Merger and acquisition activity raises total FDI

Despite a decrease in newly-registered capital, the significant growth in the value of mergers and acquisitions became a key element in raising Vietnam’s foreign direct investment in the first five months of 2017.

Vietnam attracted US$1.79 billion worth of acquisitions from foreign investors from January until May this year, up 116.2% on-year, according to the Ministry of Planning and Investment’s Foreign Investment Agency (FIA).

This is a remarkable increase, reflecting the obvious trend of growing interest in entering Vietnam’s market through mergers and acquisitions (M&A).

Last week, Bibo Mart JSC, the owner of the baby-and-mom chain of stores of the same name in Vietnam, announced that Japan’s ACA Investments, one of the best-performing fund managers in Asia, has acquired a 20% stake in the company.

Bibo Mart was only one among the many M&A deals reported in this year’s first five months.
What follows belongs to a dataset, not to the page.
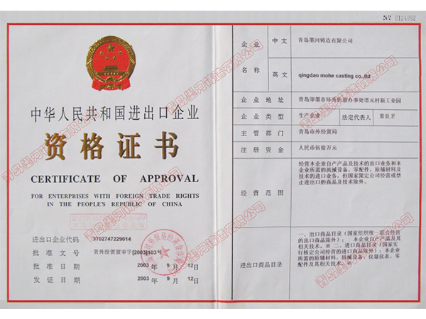 青島墨河鑄造有限公司 聯(lián)系人:董照 電話:13953213469(微信同號) 座機(jī):0532-87566543 郵箱:mohe@moher.cn QQ:1678294021 地址:青島即墨市泰山一路南端186號

Another is the South Korean firm Taekwang’s interest in acquiring a stake in Gemadept, the largest Vietnamese logistics firm.
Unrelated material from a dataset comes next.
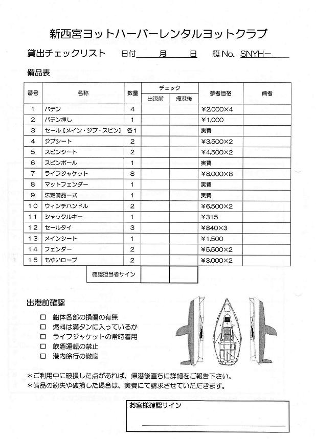 ・双眼鏡、海図、ウインチハンドル(予備のハンドル)を持ち込み必須に

“Foreign direct investment (FDI) in a country is organized in two channels: Green-field investment and cross-border M&A. The majority of M&A cases have been cross-border deals and Vietnam is the selling partner,” said Nguyen Phuc Hao, vice head of Investment Banking at Viet Capital Securities.
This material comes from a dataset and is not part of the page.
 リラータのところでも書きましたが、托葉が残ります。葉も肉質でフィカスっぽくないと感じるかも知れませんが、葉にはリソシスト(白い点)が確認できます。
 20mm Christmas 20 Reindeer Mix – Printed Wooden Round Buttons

With a stable economic growth and huge market potentials, the M&A trend has been appearing in many more diversified sectors, including textile and garment, agriculture, technology, infrastructure services, and logistics.

The value of these M&A deals contributed significantly to the country’s attractiveness for FDI.

Vietnam saw a slowdown in newly-registered foreign direct investment in the first five months of the year, when it attracted 939 new projects worth US$5.59 billion in total registered capital, equal to 73.9% of the total registered capital in the same period last year.

In spite of that, the country’s total FDI rose by 10.4% on-year to US$12.13 billion thanks to an 83% rise in expanded capital and acquisitions.

The country first witnessed the slowdown in FDI in late 2016, when it attracted US$15.18 billion worth of newly-registered capital, down 2.5% on-year. However, the situation reversed thanks to the acquisition value of US$3.42 billion, which increased the country’s total FDI for the year by 7.1% to US$24.37 billion.

Industry insiders say that the slowdown is just temporary as some costly build-operate-transfer power projects will be licensed in the near future. One power project alone can significantly increase the country’s total FDI.

“Despite a volatile global economy, with or without the Trans-Pacific Partnership (TPP), FDI inflows into Vietnam will continue to rise. With many important free trade agreements, Vietnam has advantages in attracting FDI,” noted Nguyen Noi, FIA’s deputy director.

Recently, 11 other TPP members agreed to revive the agreement without the US. Also, Prime Minister Nguyen Xuan Phuc’s visits to the US in late May and to Japan in early June will be a driving force for the country to boost trade and investment ties with the two countries-the two leading investment partners of Vietnam.

According to FIA, Vietnam’s FDI disbursement rose by 6% to US$6.15 billion in the first five months.

Phan Huu Thang, FIA’s former director, forecast that Vietnam’s FDI disbursement is likely to rise by 15% in 2017, while total FDI registered capital might increase by 10-15% to around US$22 billion.